Data for this exercise>
[Start of Attachment]

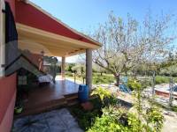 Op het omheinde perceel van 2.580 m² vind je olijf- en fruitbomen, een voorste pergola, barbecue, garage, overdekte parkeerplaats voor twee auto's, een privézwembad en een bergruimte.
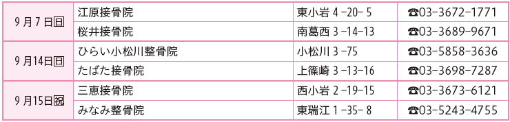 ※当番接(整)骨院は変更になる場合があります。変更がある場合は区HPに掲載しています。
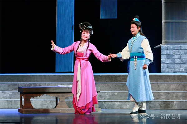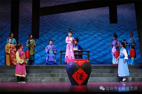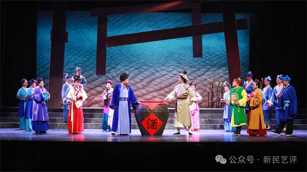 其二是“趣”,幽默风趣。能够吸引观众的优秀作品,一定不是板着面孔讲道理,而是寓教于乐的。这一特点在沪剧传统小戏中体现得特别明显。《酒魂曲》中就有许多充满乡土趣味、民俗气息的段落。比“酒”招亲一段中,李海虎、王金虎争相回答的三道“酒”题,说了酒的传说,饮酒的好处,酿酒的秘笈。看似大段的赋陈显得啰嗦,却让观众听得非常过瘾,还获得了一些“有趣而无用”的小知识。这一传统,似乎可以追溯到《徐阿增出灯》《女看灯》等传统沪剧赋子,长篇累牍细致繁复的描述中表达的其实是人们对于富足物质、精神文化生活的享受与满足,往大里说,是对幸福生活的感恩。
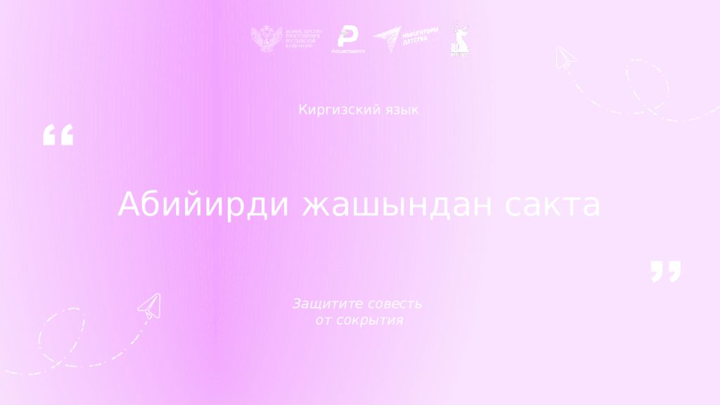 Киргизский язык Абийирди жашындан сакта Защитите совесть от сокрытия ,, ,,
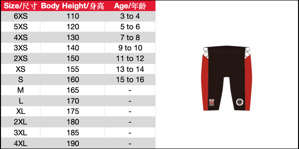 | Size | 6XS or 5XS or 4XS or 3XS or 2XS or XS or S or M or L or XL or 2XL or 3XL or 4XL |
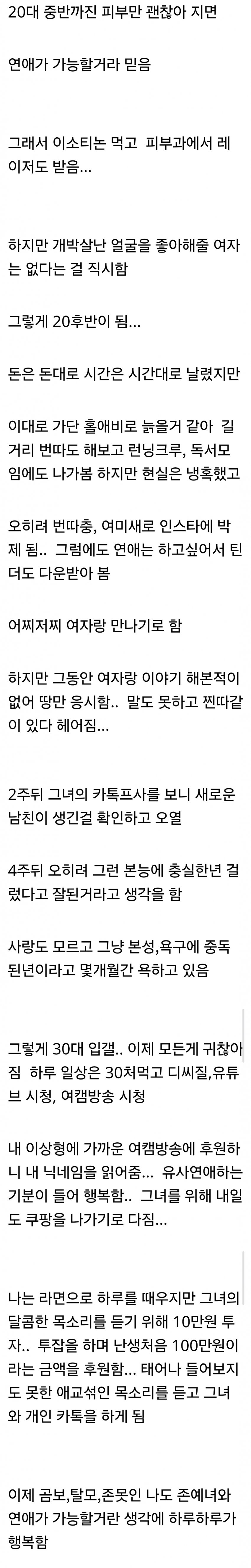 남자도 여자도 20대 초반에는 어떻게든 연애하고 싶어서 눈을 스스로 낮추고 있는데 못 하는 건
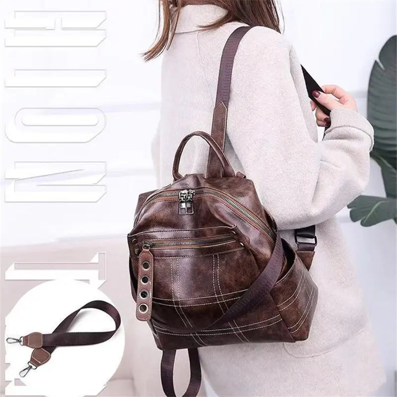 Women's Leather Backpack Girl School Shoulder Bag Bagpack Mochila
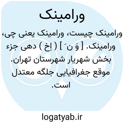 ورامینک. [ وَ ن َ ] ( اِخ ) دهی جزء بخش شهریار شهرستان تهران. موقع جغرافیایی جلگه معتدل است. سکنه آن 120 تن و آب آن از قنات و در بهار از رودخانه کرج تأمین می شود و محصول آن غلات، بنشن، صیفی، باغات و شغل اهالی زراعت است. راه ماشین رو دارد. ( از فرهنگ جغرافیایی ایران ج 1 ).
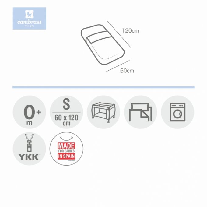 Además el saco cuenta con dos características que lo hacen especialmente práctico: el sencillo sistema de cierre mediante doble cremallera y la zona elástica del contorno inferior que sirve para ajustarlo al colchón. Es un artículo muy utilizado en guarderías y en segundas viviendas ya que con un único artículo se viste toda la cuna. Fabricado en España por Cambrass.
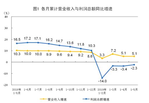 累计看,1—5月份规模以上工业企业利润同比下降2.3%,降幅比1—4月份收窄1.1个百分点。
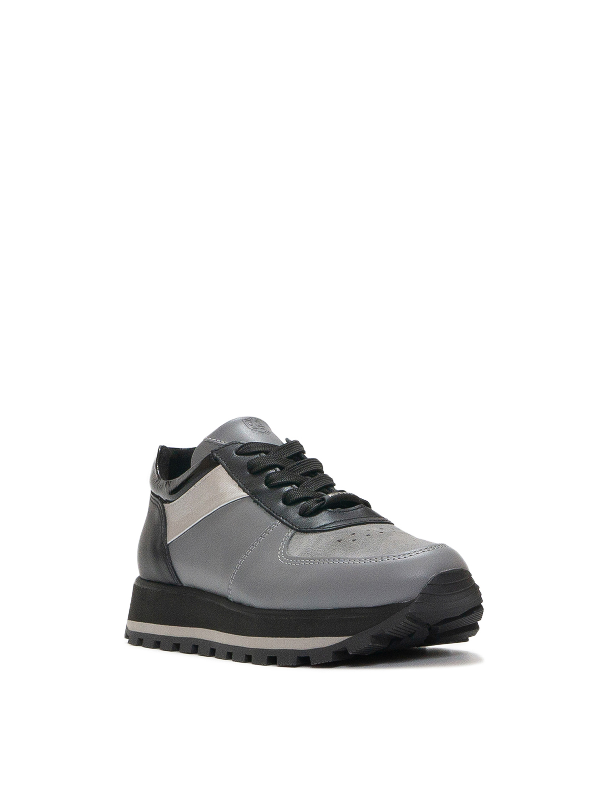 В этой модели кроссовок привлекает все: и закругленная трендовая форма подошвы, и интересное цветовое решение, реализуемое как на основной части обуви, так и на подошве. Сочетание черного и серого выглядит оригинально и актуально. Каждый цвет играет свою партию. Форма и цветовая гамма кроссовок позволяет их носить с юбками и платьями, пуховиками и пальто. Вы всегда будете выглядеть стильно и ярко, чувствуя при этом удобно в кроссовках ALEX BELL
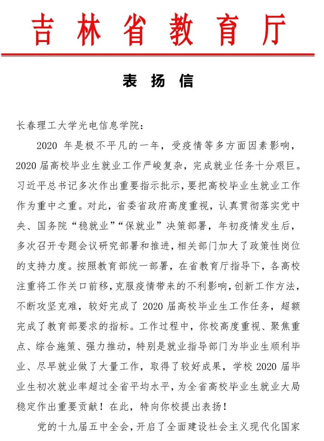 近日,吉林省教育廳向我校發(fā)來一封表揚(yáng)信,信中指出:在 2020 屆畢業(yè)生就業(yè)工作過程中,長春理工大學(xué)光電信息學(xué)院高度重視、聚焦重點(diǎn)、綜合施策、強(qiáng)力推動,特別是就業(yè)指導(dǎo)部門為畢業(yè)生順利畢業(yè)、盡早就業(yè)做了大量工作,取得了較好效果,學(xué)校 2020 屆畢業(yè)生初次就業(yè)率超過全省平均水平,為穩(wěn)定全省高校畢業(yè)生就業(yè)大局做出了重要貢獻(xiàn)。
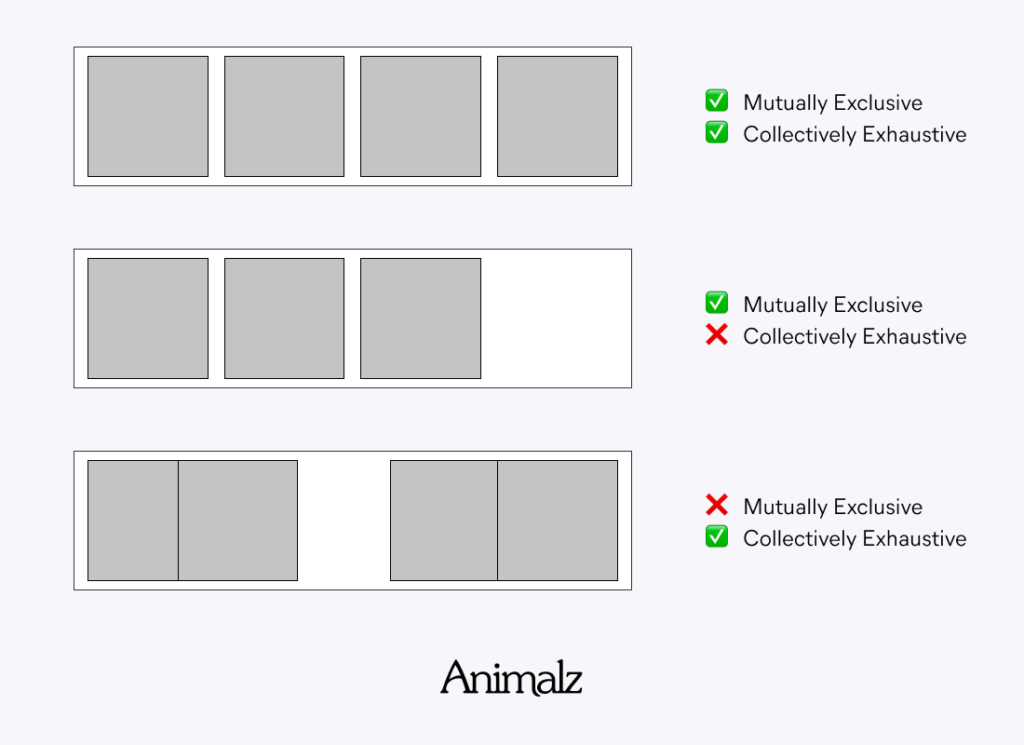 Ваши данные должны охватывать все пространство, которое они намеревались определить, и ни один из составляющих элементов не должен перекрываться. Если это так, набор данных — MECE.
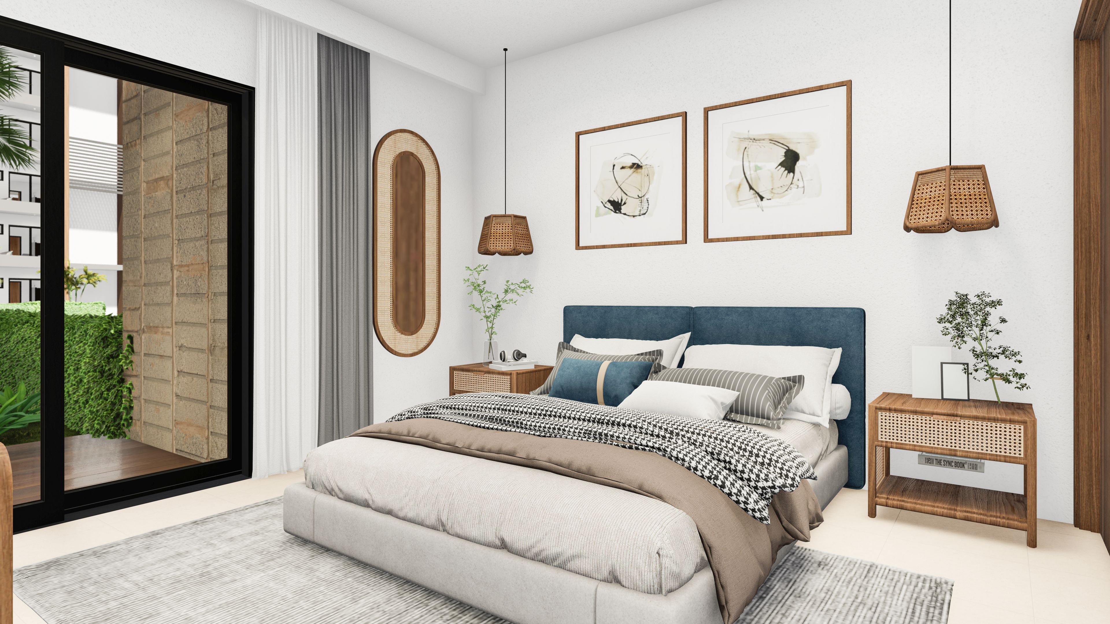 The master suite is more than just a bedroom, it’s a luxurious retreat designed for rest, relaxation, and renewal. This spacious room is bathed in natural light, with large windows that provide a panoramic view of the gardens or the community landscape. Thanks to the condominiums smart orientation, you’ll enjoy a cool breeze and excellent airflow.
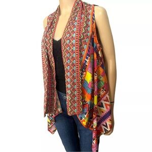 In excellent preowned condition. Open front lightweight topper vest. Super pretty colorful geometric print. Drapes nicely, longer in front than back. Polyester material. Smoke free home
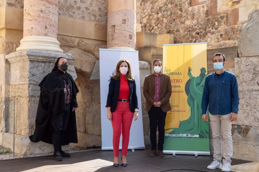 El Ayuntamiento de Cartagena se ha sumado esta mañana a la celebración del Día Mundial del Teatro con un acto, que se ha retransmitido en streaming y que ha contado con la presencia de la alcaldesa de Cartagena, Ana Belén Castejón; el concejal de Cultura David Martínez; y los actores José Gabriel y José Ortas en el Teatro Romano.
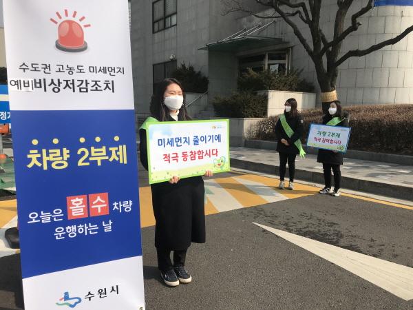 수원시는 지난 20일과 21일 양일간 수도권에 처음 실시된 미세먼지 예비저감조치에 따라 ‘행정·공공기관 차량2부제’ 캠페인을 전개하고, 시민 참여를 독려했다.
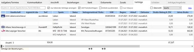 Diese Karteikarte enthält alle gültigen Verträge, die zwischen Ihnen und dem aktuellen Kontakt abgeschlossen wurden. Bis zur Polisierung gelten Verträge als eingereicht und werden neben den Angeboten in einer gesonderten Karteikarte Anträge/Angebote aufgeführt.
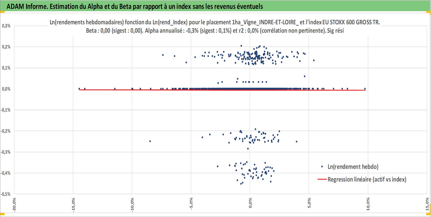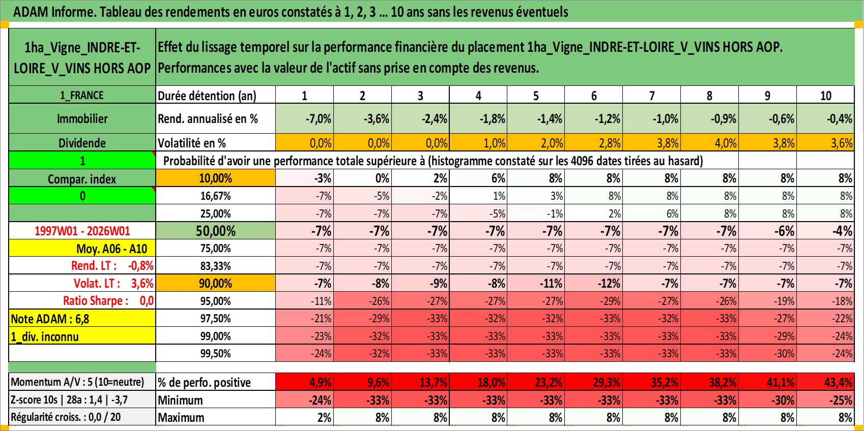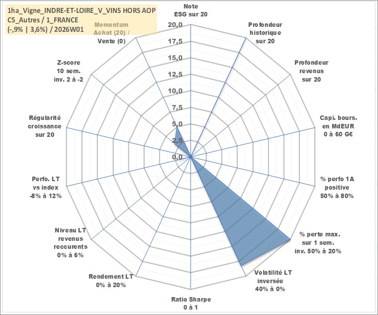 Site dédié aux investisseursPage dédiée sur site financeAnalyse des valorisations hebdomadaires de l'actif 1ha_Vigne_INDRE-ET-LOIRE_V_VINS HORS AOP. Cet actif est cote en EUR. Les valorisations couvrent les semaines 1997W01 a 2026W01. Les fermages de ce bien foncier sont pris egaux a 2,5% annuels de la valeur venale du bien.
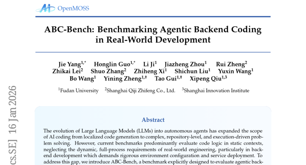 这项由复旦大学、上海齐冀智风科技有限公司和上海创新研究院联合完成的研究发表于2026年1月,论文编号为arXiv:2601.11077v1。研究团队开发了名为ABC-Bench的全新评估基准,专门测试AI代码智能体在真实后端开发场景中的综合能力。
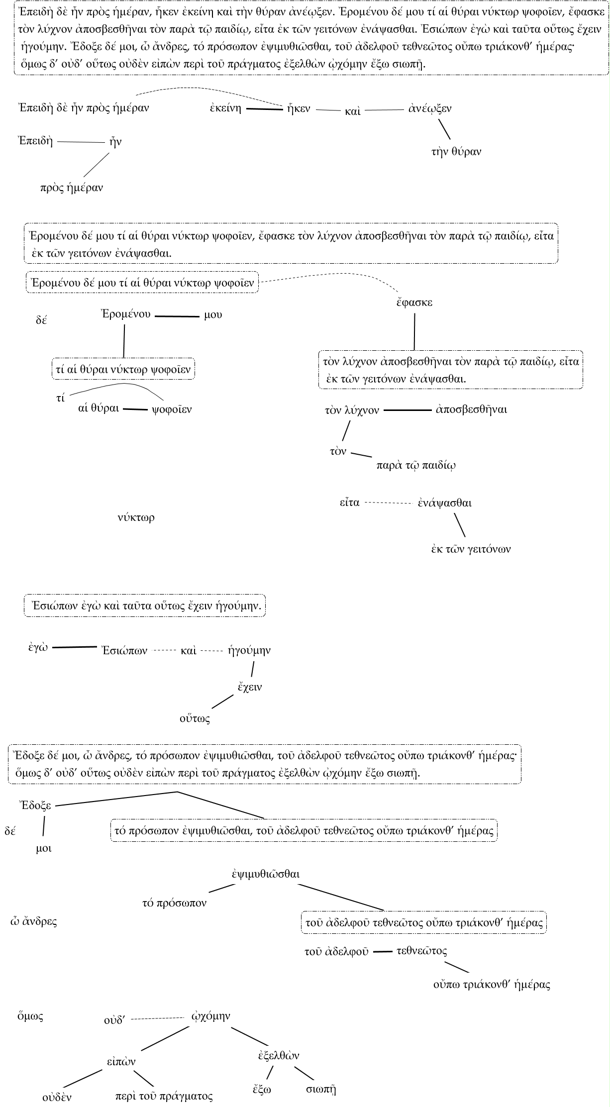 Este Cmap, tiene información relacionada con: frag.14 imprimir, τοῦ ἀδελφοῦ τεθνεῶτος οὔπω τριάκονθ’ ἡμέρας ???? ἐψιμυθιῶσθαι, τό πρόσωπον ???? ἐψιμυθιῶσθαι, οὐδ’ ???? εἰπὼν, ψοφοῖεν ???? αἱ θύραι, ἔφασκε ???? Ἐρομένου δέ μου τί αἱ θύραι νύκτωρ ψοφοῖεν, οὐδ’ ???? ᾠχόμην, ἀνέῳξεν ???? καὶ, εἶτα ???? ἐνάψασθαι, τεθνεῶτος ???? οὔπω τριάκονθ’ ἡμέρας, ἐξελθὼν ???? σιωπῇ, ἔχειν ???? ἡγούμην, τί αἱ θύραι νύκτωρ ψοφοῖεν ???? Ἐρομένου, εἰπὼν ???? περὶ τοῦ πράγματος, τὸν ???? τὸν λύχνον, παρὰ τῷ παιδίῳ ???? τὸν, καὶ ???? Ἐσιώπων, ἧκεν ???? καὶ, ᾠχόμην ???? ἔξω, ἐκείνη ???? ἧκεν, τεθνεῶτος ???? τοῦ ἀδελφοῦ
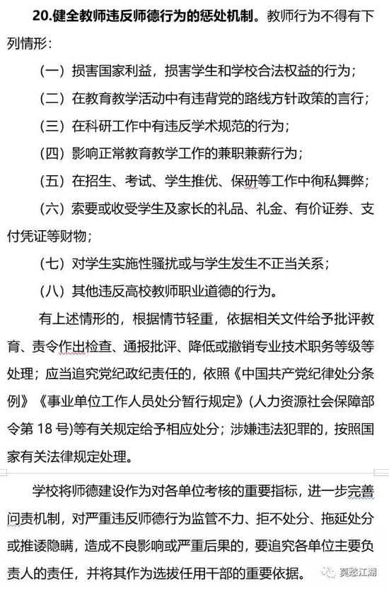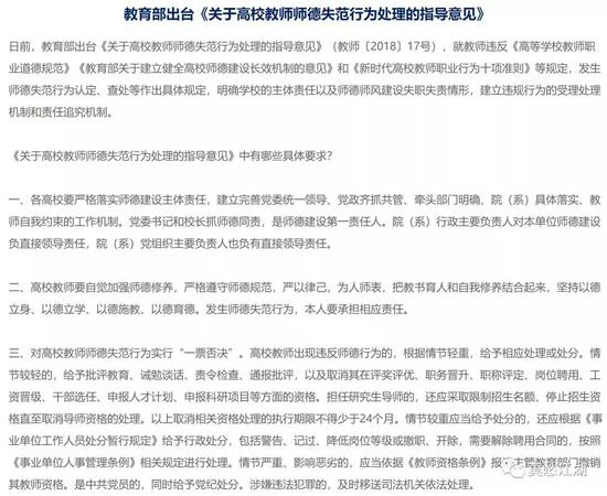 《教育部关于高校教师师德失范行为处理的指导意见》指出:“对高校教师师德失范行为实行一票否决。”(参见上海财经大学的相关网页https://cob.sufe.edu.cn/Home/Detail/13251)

[End of Attachment]

Aim of the exercise>
Look above for the line with "Киргизский язык Абийирди" and the line with "Women's Leather Backpack". Copy them and every line between, exactly, but no pictures.

Your response>
 Киргизский язык Абийирди жашындан сакта Защитите совесть от сокрытия ,, ,,
 | Size | 6XS or 5XS or 4XS or 3XS or 2XS or XS or S or M or L or XL or 2XL or 3XL or 4XL |
 남자도 여자도 20대 초반에는 어떻게든 연애하고 싶어서 눈을 스스로 낮추고 있는데 못 하는 건
 Women's Leather Backpack Girl School Shoulder Bag Bagpack Mochila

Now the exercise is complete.